И как только могла уродиться у красавицы Эдит такая невзрачная дочь? Всей красоты – одни лишь волосы, хоть это она унаследовала от матери, – густые, белокурые, зато прическа у нее – тошно смотреть. Нет, чтобы распустить волосы по плечам свободными волнами, так она закалывает их в какой-то несуразный пучок. Надо же додуматься – носить пучок при такой форме головы! Девочка, молчальница, эта длинноногая Жужанна, пожалуй, миловиднее будет, когда подрастет. Вот уж на удивление смирный ребенок!

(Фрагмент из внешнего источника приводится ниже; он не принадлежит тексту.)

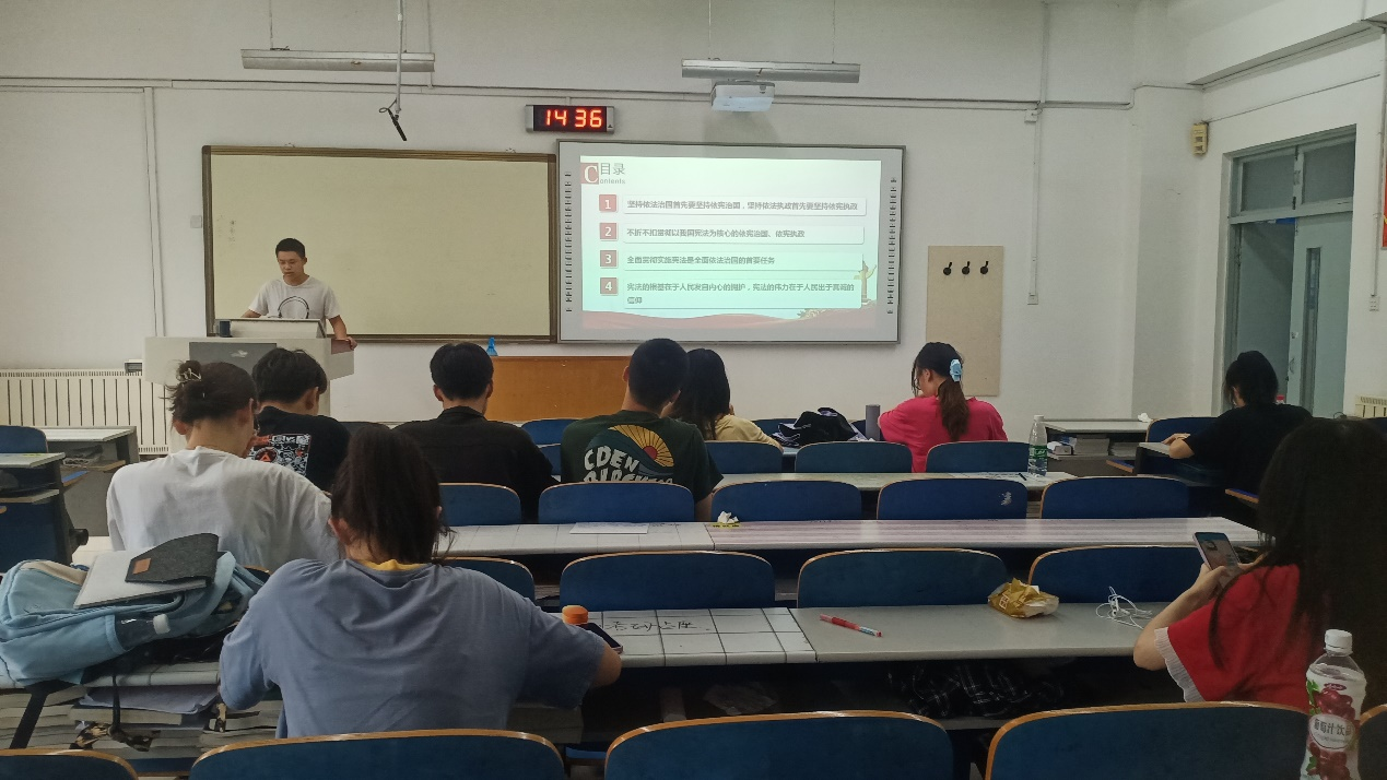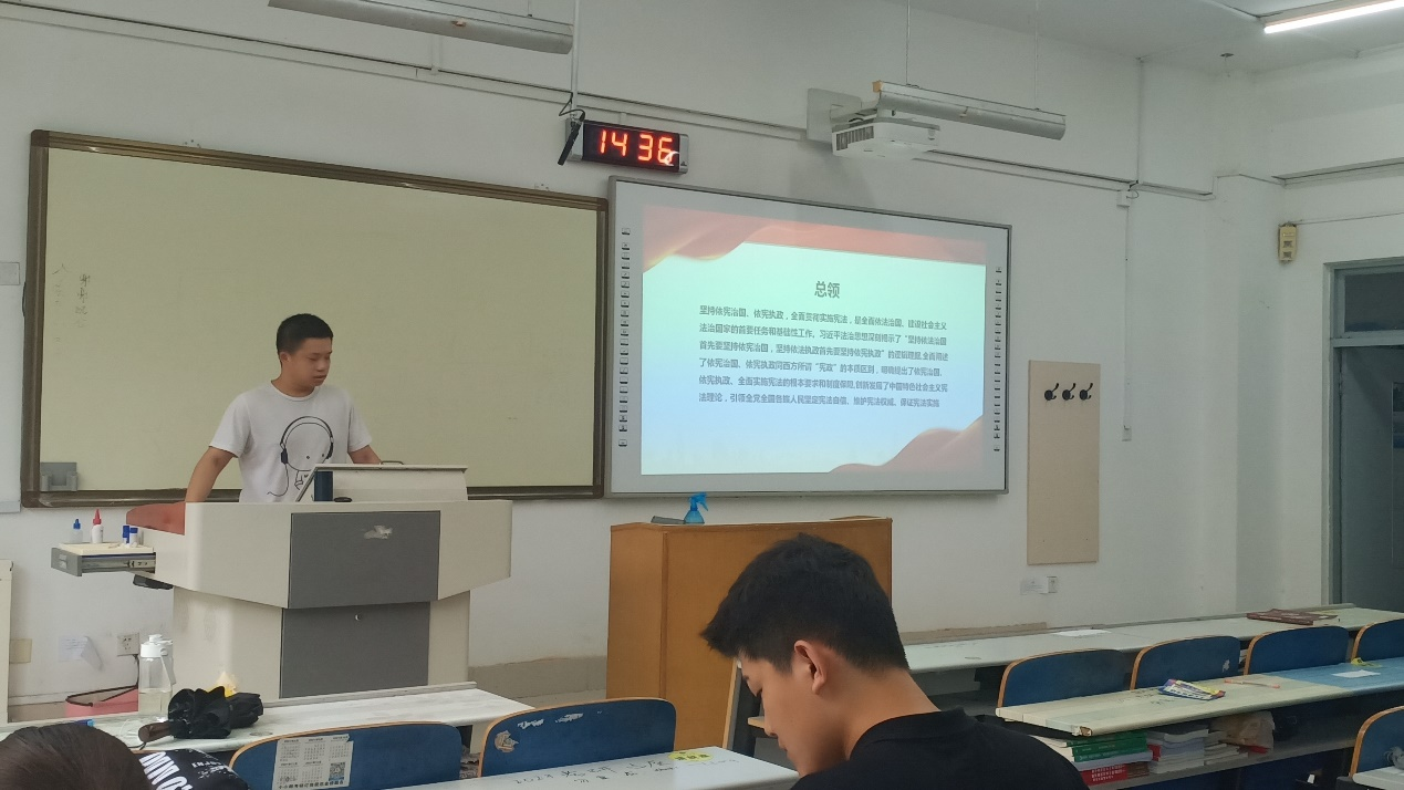 支部党员郭永翔同志发表了感言:“要始终坚持宪法法律至上,维护国家法制统一、尊严、 权威,一切法律法规规章规范性文件都不得同宪法相抵触,要以自身行动贯彻落实好习近平法治思想。”

Интересно, что сталось с младшей дочерью, с тол, черненькой? Священник прислал как-то ей фотографию, на которой были сняты обе ее внучки; Янке тогда исполнилось двенадцать лет, Аннушке, наверное, года три. «Моя младшая дочь, Аннушка, отторгнута от лона семьи. Господь по неисповедимой воле своей отринул ее от нас, и отныне мы относимся к ней как к усопшей. Прошу вас, дорогая мама, в письмах своих впредь не осведомляться о ней». Похоже, в этом доме ни одной темы нельзя коснуться без оглядки, вот и об Эдит тоже лучше помалкивать. Да и в истории с Аннушкой зять, наверное, винит их: ведь отец Эдит был художником. Оскар, дорогой! Вот уж поистине редкой души был человек, другого такого не встретишь, и сгорел в каких-то два дня: работал в мастерской с ядовитыми красками, и в царапину на ладони попала инфекция. Будь он в живых, пожалуй, все сложилось бы по-другому. Хотя бог его знает. Эдит с детства не была нормальной, как все люди, и это было известно всем и каждому в селе, кроме священника.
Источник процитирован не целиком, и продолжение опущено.